L’entusiasmo c’è tutto e non stupisce. Se il piano illustrato ieri dal premier Matteo Renzi dovesse andare in porto, a trovarsi quasi un centinaio di euro in più in busta paga ogni mese, cioé un migliaio in più all’anno, saranno più di un milione di veneti. I lavoratori dipendenti che contano su un reddito inferiore ai 26 mila euro annui (cioé 1500 euro al mese) sono infatti un milione e mezzo e di questi, poco più di 300 mila sono i cosiddetti incapienti (cioè quelli che non pagano l’Irpef perché sotto i seimila euro all’anno).
Restano dunque, secondo i primi calcoli del governo, un milione e ducentomila lavoratori dipendenti (su i quasi due milioni del Veneto) che potranno contare su più soldi per far quadrare i conti di casa e spendere di più. Non è un caso che il Veneto (insieme alla Lombardia, all’Emilia Romagna e alla Toscana) sia uno dei territori maggiormente beneficiato dal piano Renzi. L’obiettivo del governo è quello di far ripartire i consumi dando più liquidità alla classe media che è la più tartassata (in rapporto alla capacità di spesa) dal fisco italiano.
Del peso di questa manovra sono consapevoli anche gli industriali veneti che, fin dall’inizio, hanno sperato che il governo desse priorità ai redditi dei dipendenti piuttosto che vedersi tagliata una quota di Irpef. Il motivo è presto detto: se insieme all’iniezione di liquidità ai consumi verranno pagati i debiti della pubblica amministrazione, le imprese si troveranno di fronte a un aumento delle commesse e alla parziale sterilizzazione dei debiti con i fornitori e con le banche. I due strumenti insieme permetterebbero quindi di rilanciare anche la produzione e gli investimenti facendo uscire il paese dalla palude della crisi.

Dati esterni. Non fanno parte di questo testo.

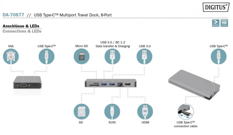 Опис Док-станція DIGITUS Travel USB-C, 8 Port

I condizionali però sono d’obbligo. Renzi ha l’indubbio merito di aver dato una speranza ai veneti – nella regione più litigiosa d’Italia non si era mai visto imprenditori, sindacati, esperti di lavoro, sindaci e insegnanti tutti d’accordo – ma ha anche ipotecato le speranze dei cittadini che non vogliono nemmeno pensare alla possibilità che il piano si infranga sulla mancanza di copertura finanziaria o sulle regole contabili dell’Europa. Per dare una misura di quanto contino i sogni, basta vedere che a palazzo Chigi sono già arrivate le richieste di 97 sindaci per ristrutturare (e ridare dignità) ad altrettante scuole venete, gli entusiasmi degli imprenditori pronti nuovamente ad investire anche grazie allo sconto sull’energia elettrica (secondo la Cgia, se si conferma il taglio del 10% una piccola impresa manifatturiera risparmierà più di ottomila euro all’anno) e i complimenti dei sindacati che finalmente si sentono ascoltati.
A dare copertura (verbale) a questi sogni dei veneti ieri ci ha pensato il sottosegretario all’Economia Pier Paolo Baretta. «Non intendiamo utilizzare l’intero margine del deficit e non supereremo il 3% – dice l’esponente del Pd – Il grosso della manovra per dare più soldi ai lavoratori dipendenti sarà basato sulla spending review».